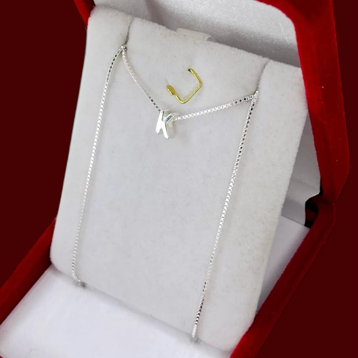 Conjunto cadena veneziana cuadrada con dije inicial K de Plata Italiana
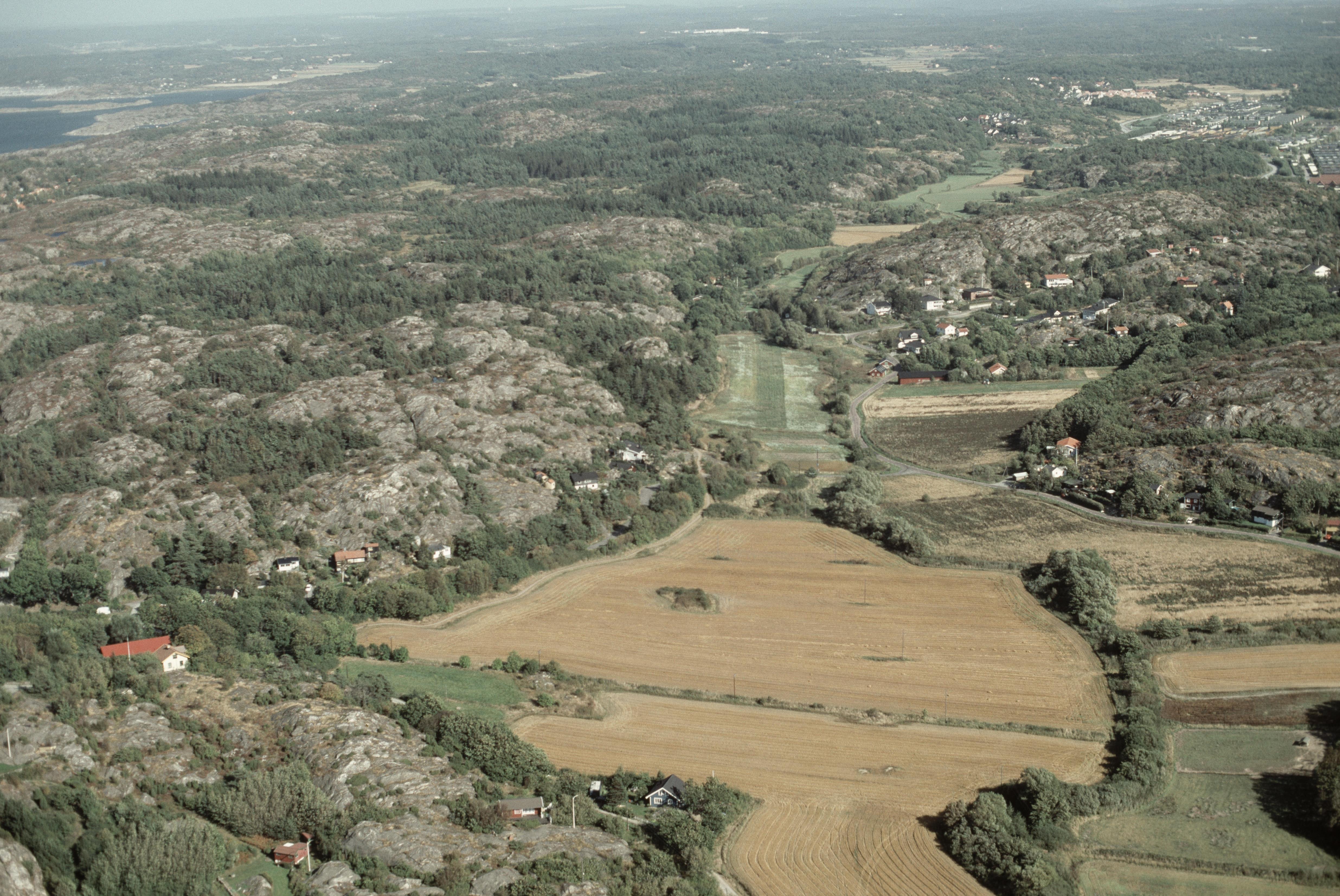 Beskrivning: Madbäckens dalgång i sydvästra delen av ön Hisingen. Hällmålningsberget RAÄnr Torslanda 216:1 till vänster om bildens mitt. Bilden är tagen mot (väderstreck): Ö
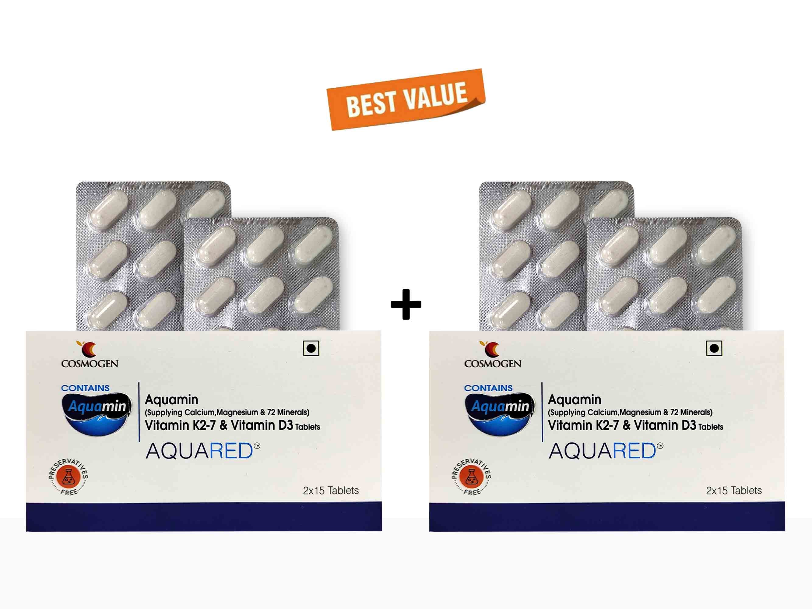 Aquared Aquamin, Vitamin K2-7 & Vitamin D3 Tablet contains Aquamin, Vitamin K2-7, and Vitamin D3.
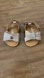 Gorgeous Bebe Baby Sandals in sparkling Rose Gold, featuring a glitter bow, velcro back, and a comfy flat design. Perfect for your little one’s first steps! Size 1 infant.
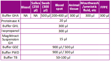 ● Self-provided reagents: Isopropanol, ethanol. For tissue samples, 1M DTT should be prepared. For bacteria samples, 1M NaOH should be prepared. If RNA residues need to be removed, RNase A (100 mg/ml) solution should be prepared. For FFPE samples, please purchase environmentally friendly deparaffinization oil DPR. To extract large volumes of blood and blood clots, please purchase Buffer CLA and Buffer GHL separately.
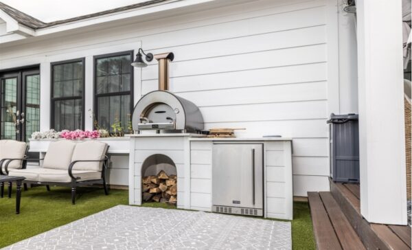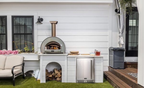 ALFA FORNI 5 MINUTI to zewnętrzny piec do pizzy na drewno, który osiąga temperaturę ponad 500°C w zaledwie 5 minut. Dzięki łatwemu montażowi i wyjątkowemu aromatowi wypieków, jest idealny dla miłośników tradycyjnej kuchni na świeżym powietrzu.
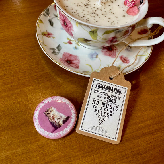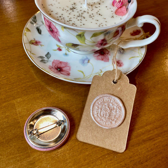 C’est dans cet esprit que j'ai imaginé cette collection de bougies artisanales exclusives, inspirée de son univers si singulier. Coulée dans une véritable tasse à thé fleurie, elle est décorée d’un petit badge « assiette de chat » que vous pourrez conserver et porter en broche ou sur votre sac.
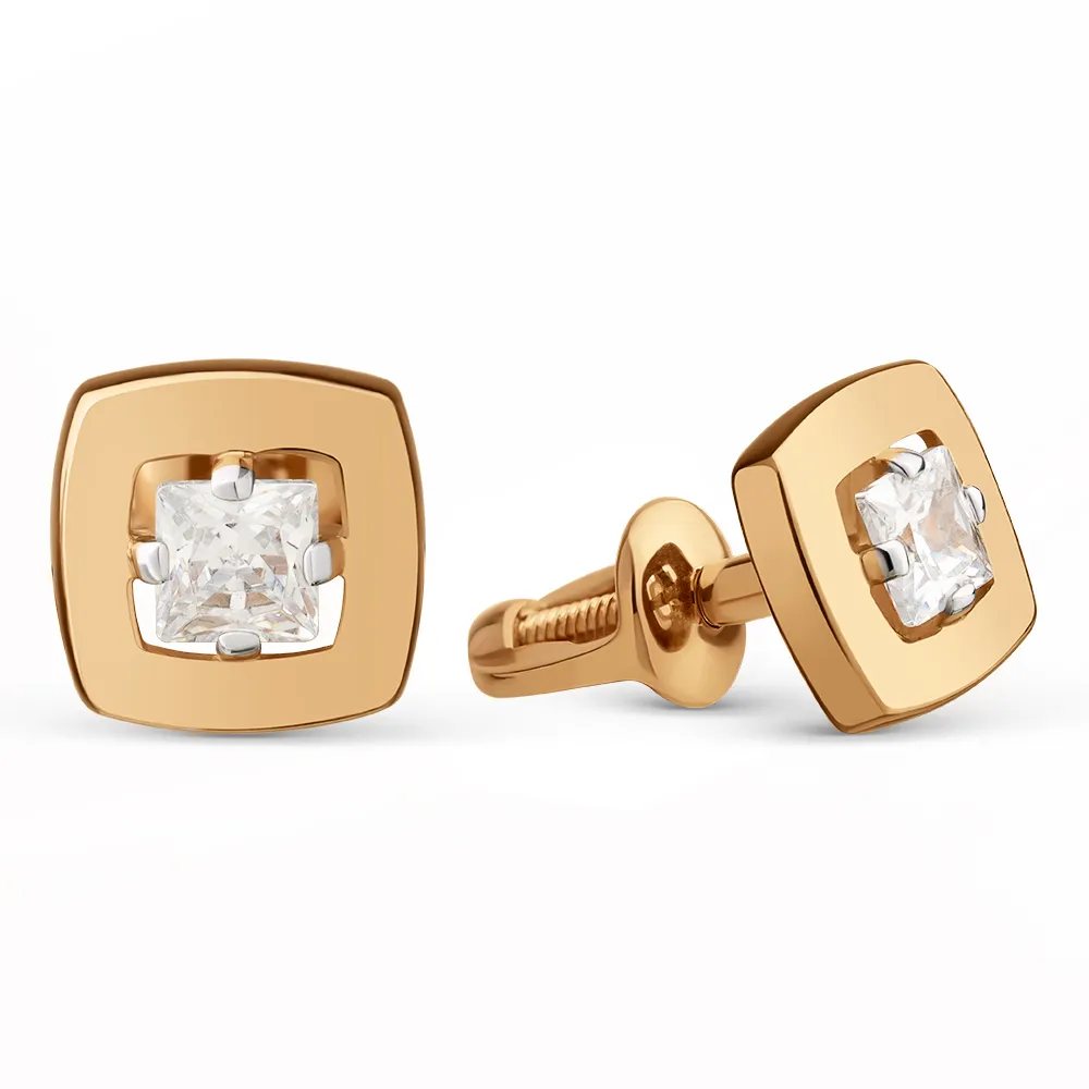 Серьги пусеты из красного золота с фианитами 024842-1102
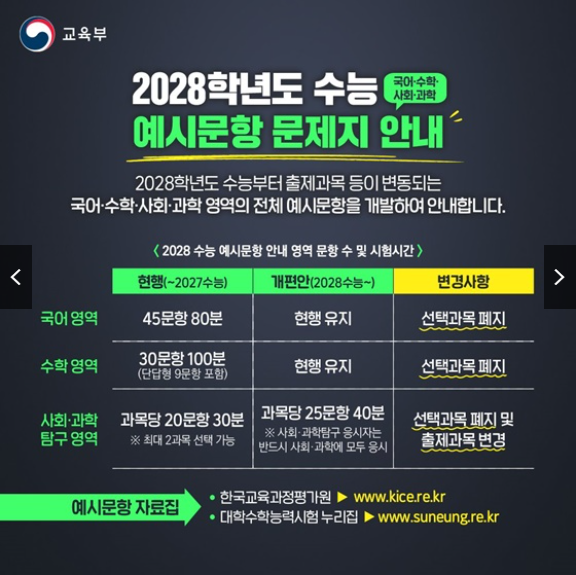 - 변경사항: 반드시 사회 1과목, 과학 1과목 각각 응시 필수 / 선택과목 폐지로 모든 학생이 같은 과목을 응시함
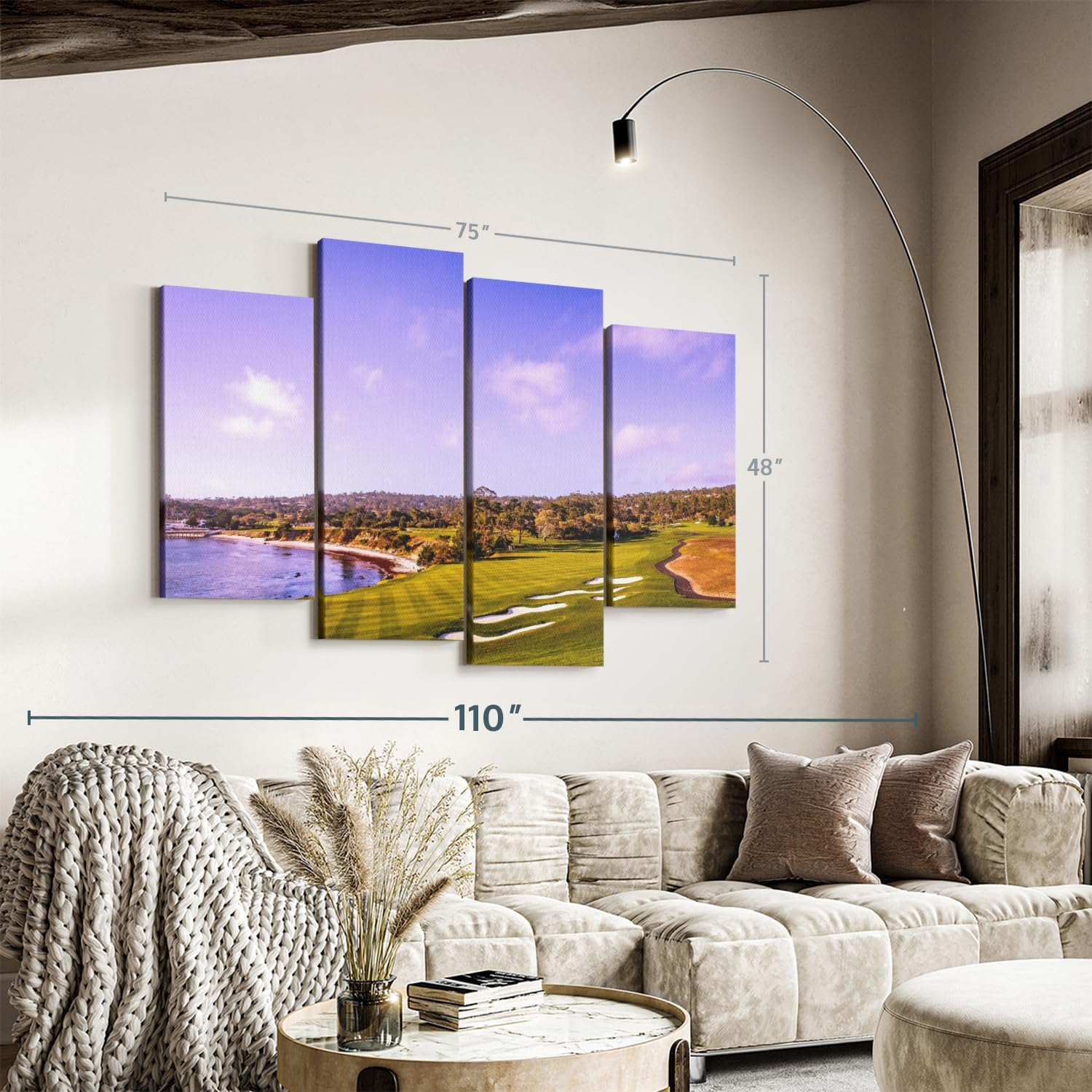 Elephant Stock Coastline Green Golf Course Wall Art - Horizontal Canvas - 4-Piece Living Room Wall Decor - Photography Sports Canvas Print - Blue and Gray Decor for Wall - 75" X 48"
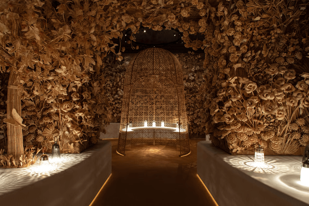 展览空间是由泰国艺术家 Korakot Aromdee 与 Vasana Saima 打造的有机花园场景,还原 Christian Dior 童年故居的自然意境,让灯具在历史建筑与花艺氛围中呈现“光作为材质”的诗意表达。
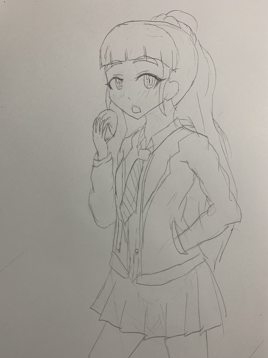 #モバマス版深夜の真剣お絵かき60分1本勝負 学校帰りにコンビニに寄って買った肉まんを食べようとした時にPとバッタリ会って何故か恥ずかしがる神谷奈緒を描きました。 #神谷奈緒 今週の #にじらじっ!の冒頭でまつえりさんが話してた内容から

|---|

Give again, word for word, the lines above from the first one through the one containing "- 변경사항: 반드시"; no pictures.

 Conjunto cadena veneziana cuadrada con dije inicial K de Plata Italiana
 Beskrivning: Madbäckens dalgång i sydvästra delen av ön Hisingen. Hällmålningsberget RAÄnr Torslanda 216:1 till vänster om bildens mitt. Bilden är tagen mot (väderstreck): Ö
 Aquared Aquamin, Vitamin K2-7 & Vitamin D3 Tablet contains Aquamin, Vitamin K2-7, and Vitamin D3.
 Gorgeous Bebe Baby Sandals in sparkling Rose Gold, featuring a glitter bow, velcro back, and a comfy flat design. Perfect for your little one’s first steps! Size 1 infant.
 ● Self-provided reagents: Isopropanol, ethanol. For tissue samples, 1M DTT should be prepared. For bacteria samples, 1M NaOH should be prepared. If RNA residues need to be removed, RNase A (100 mg/ml) solution should be prepared. For FFPE samples, please purchase environmentally friendly deparaffinization oil DPR. To extract large volumes of blood and blood clots, please purchase Buffer CLA and Buffer GHL separately.
 ALFA FORNI 5 MINUTI to zewnętrzny piec do pizzy na drewno, który osiąga temperaturę ponad 500°C w zaledwie 5 minut. Dzięki łatwemu montażowi i wyjątkowemu aromatowi wypieków, jest idealny dla miłośników tradycyjnej kuchni na świeżym powietrzu.
 C’est dans cet esprit que j'ai imaginé cette collection de bougies artisanales exclusives, inspirée de son univers si singulier. Coulée dans une véritable tasse à thé fleurie, elle est décorée d’un petit badge « assiette de chat » que vous pourrez conserver et porter en broche ou sur votre sac.
 Серьги пусеты из красного золота с фианитами 024842-1102
 - 변경사항: 반드시 사회 1과목, 과학 1과목 각각 응시 필수 / 선택과목 폐지로 모든 학생이 같은 과목을 응시함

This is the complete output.